The closest I came to seeing rays mate was while filming for ‘Our Big Blue Backyard’ in 2014 when a male was attempting to mate with an unwilling and bad-tempered female.

After being rejected the frustrated male then swam over and rubbed up against me until he realized his mistake…luckily for me!

In the peak year, 1999, I witnessed upward of 70 rays stacked in the Arch on days with a good current; the summers of 2000 and 2001 were also big stingray years. After 2001 however the numbers dropped off dramatically to only 10 to 15 rays at a time, then subsequently down to just 5 to 10 on a good day. Until January this year with up to 30 or 40 rays back in the Arch.

A short-tail ray shows off his white belly in the arch

There are lots of theories why they have not been around in large numbers for the past 18 years. One of the favourites is that Orca scared them away after several occasions during 2001 where Orca stopped by the Poor Knights to feed on them. They definitely left a few scared rays and a lot of ‘ray apple cores.’

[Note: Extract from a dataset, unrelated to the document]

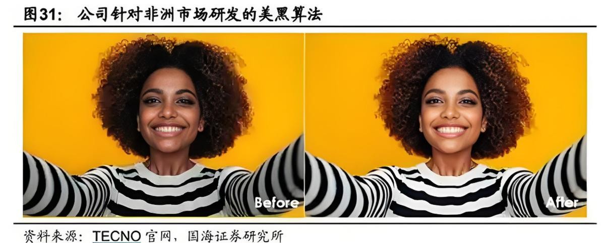 传音为了解决这个问题,特别成立工作小组,200人的研发团队,搜集了近10万张当地人的自拍,研究出一种特殊美颜算法。

But undermining this theory is that they returned to normal numbers in subsequent years everywhere else around the islands, other than in the Northern Arch. I think it is a safe bet Orca have hunted rays around the ‘Knights on and off for a very long time, and the sporadic times they pass through the reserve is not enough evidence to say they drove the rays away for nearly 20 years.

Long-tail rays are the other common species seen at the Poor Knights and are generally seen on sandy patches in ones and twos

A more likely-factor is the disturbance caused by concentrated diver numbers visiting Northern Arch to dive with them during their aggregation period; it doesn’t take many divers blowing bubbles to turn the archway into a 40m deep spa pool with a bubble curtain from top to bottom! The rays react to bubbles quite strongly tending to move out of the arch until the bubbles thin out again. So it is possible that after a few years of this they sought somewhere else to meet up.

Naturally with the stingray aggregation such a spectacular sight it is a major attraction for divers to the Poor Knights – myself included! It’s an event none of us want to miss, so implementing a few simple measures to minimize ‘diver disturbance’ at this one, specific dive site would help ensure the rays continue to come back year after year for us divers to enjoy.

Stingray squadron silhouetted against the blue

Perhaps it’s worth trying things like spreading out the timing of dive boats at the ‘Arch so there is an hour or so between dives to give the rays some ‘alone time’; encouraging divers to hang in the archway entrances rather than right in the middle of the Arch; suggesting divers do this particular dive in small groups, and making people aware that freediving/snorkeling with the rays can be just as spectacular as scuba diving with them. Actually it can be a more interactive experience than on scuba as the rays barely move aside for divers who are not blowing bubbles.

Something I filmed back in 1999 and 2000 and haven’t seen in this latest recurrence of the stingray aggregation at Northern Arch are the two pure white rays that used to occasionally show up amongst all the regular dark stingrays – a surreal sight! I often wonder what happened to them and whether we will ever have another white ray show up at the ‘Knights…obviously they are an extremely rare morph. Black or white, I’m crossing my fingers the rays show up in big numbers again next summer!